Science! For Parties!: The Cowardly Pepper

Sometimes you do a cool science trick and everyone nods and smiles and tells you that’s pretty interesting and other times you do a cool science trick and your friends look at you like you’re a bad-ass magic-slinging wizard of the white council. This is one of those times. In this edition of Science! For Parties! I teach you the secrets of (drum roll please) The Cowardly Pepper!

For this trick you’ll need some simple household items: pepper (or any kind of visible seasoning); dish soap; a bowl or plate (if you use a plate try to use a large one with a bit of depth to it); and water.
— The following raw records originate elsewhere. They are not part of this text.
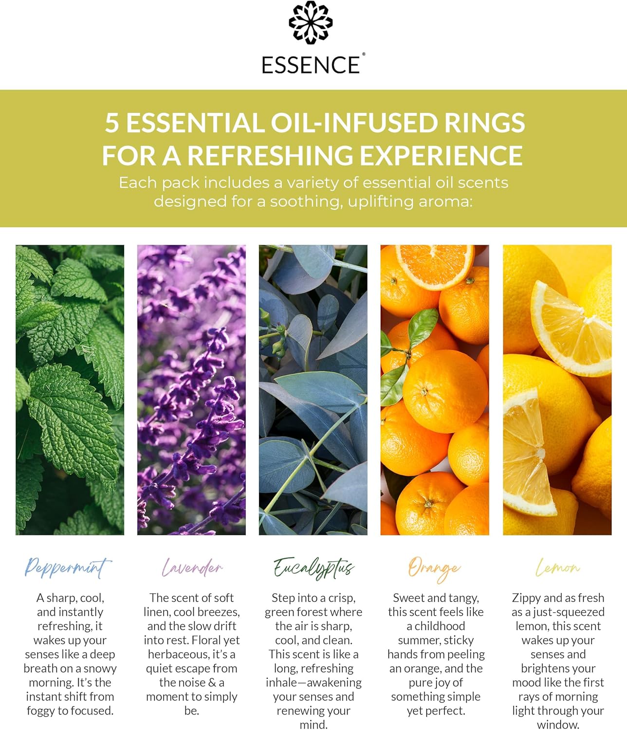 INFUSED WITH 100% PURE ESSENTIAL OILS – Each ESSENCE nose diffuser ring is infused with high-quality essential oils using advanced scent-retention tech, giving you therapeutic fragrance all day.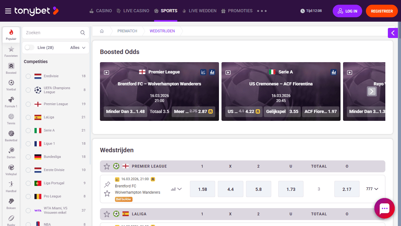 TonyBet is een sterke keuze voor spelers die zoeken naar een alternatief voor bookmakers zonder Cruks met een uitgebreid sportaanbod. Het platform biedt weddenschappen op tientallen sporten, met veel aandacht voor populaire competities zoals de Eredivisie, Champions League en internationale toernooien. Daarnaast zijn er functies zoals Cash Out en Bet Builder, waarmee je weddenschappen kunt aanpassen of vroegtijdig kunt afsluiten. De Combo Boost-promotie kan combinatieweddenschappen bovendien extra waarde geven.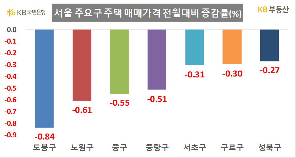 서울 주택 매매가격은 전월 대비 -0.18% 하락했다. 도봉구(-0.84%), 노원구(-0.61%), 중구(-0.55%), 중랑구(-0.51%), 서초구(-0.31%) 등 하락했고 송파구(0.52%), 강남구(0.17%)는 상승했다.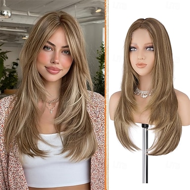 Perruques châtain clair pour femmes, perruques longues dégradées avec frange rideau, perruque synthétique aspect naturel pour un usage quotidien ou de soirée, 66 cm (26 pouces), blond mélangé châtain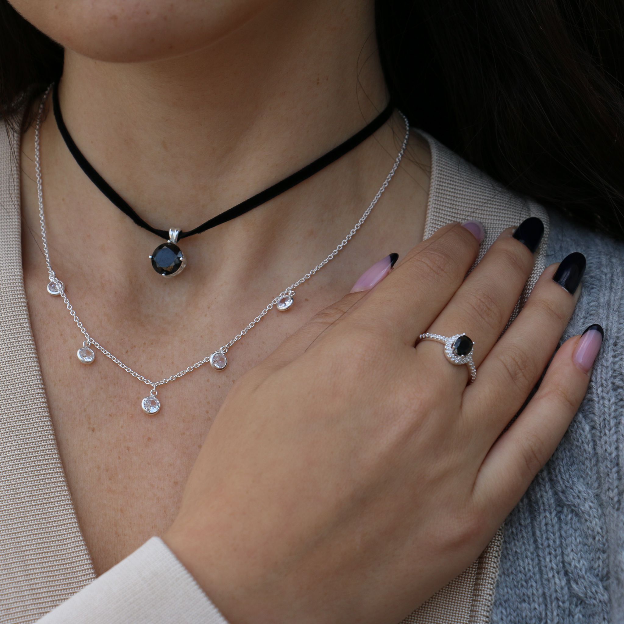 שרשרת מכסף – 5 עיגולי זירקונים לבנים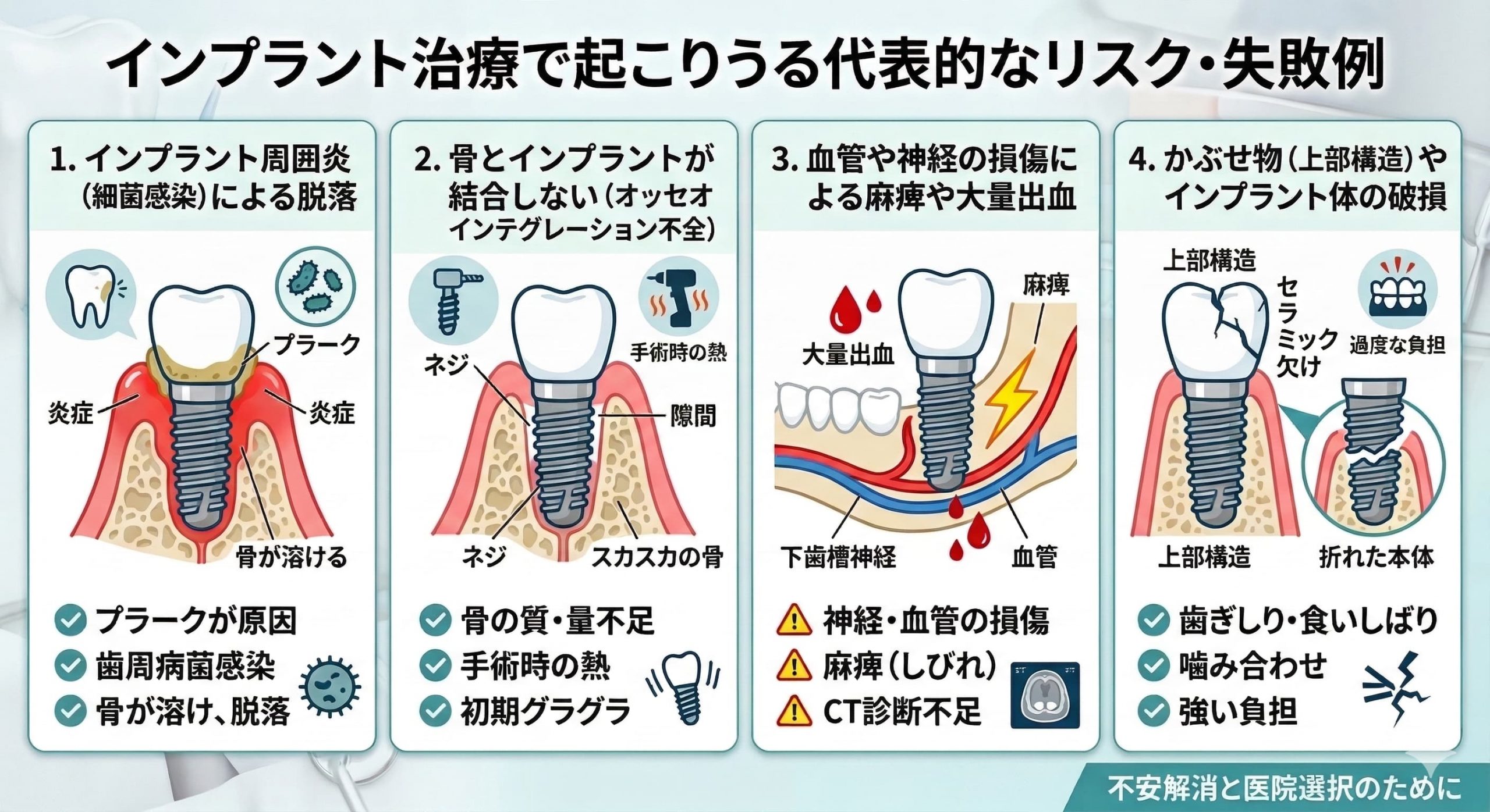 1. インプラント治療で起こりうる代表的なリスク・失敗例とは?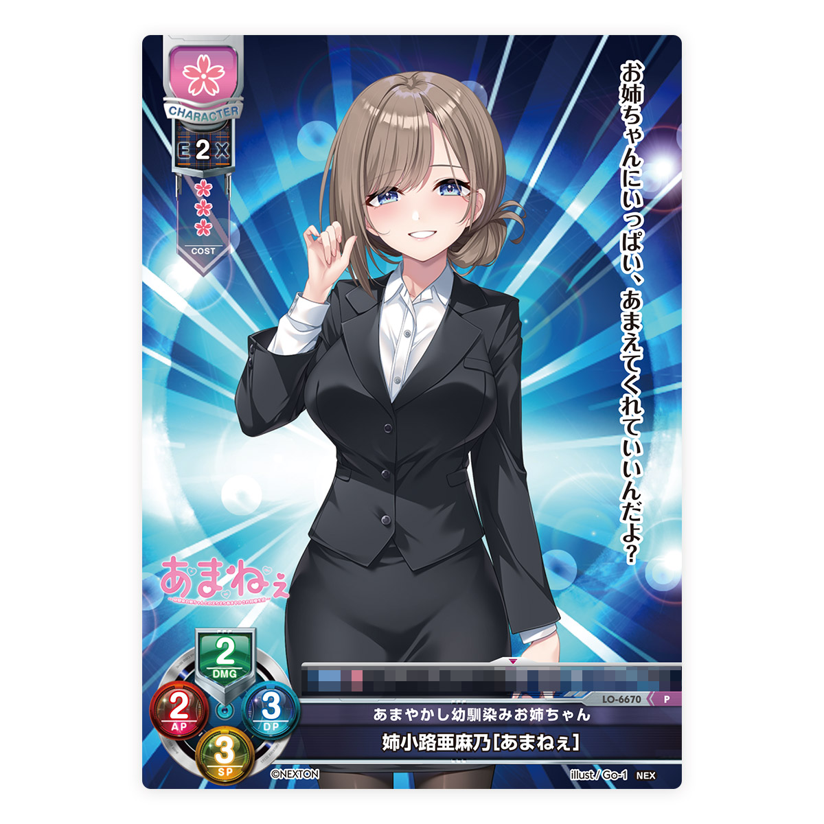イベント会場にて当ブースの商品をお買い上げの方に、1会計につき1枚、LYCEEプロモーションカード「あまやかし幼馴染みお姉ちゃん 姉小路亜麻乃[あまねぇ]」をプレゼント!

Fill up your bowl with water then cover the water in pepper (the more you use the cooler the effect). Put a dab of dish soap on the end of your finger and dip it into the center of the bowl. The pepper will run away! If you really want to be tricky ask one of your friends to put their finger in first then when nothing happens you can use your secretly dipped in dish soap finger to make your friends think that you’re made of magic.

If you’re uncomfortable with your friends believing that you’re a wizard you can explain the trick to them. It relies on the scientific property of surface tension. Surface tension is what we call that elastic like membrane formed by the liquid molecules’ tendency to have a greater attraction to each other than to the air molecules surrounding them. In this case the pepper rests on the top of the water because it does not exert enough force to break through the surface tension of the water. But when you add the dish soap to the equation it lowers the surface tension of the water by introducing a liquid with weaker molecular attraction than water. This is when the pepper runs for cover.

The thing is it’s not actually the pepper that’s making a break for it but the water the pepper is floating on. You see with its surface tension lowered at the point your finger enters the water the water molecules are repelled by the disruption and attracted to the stronger cohesive forces at the edges of the bowl. So the water runs away and the pepper is just along for the ride. Cool right?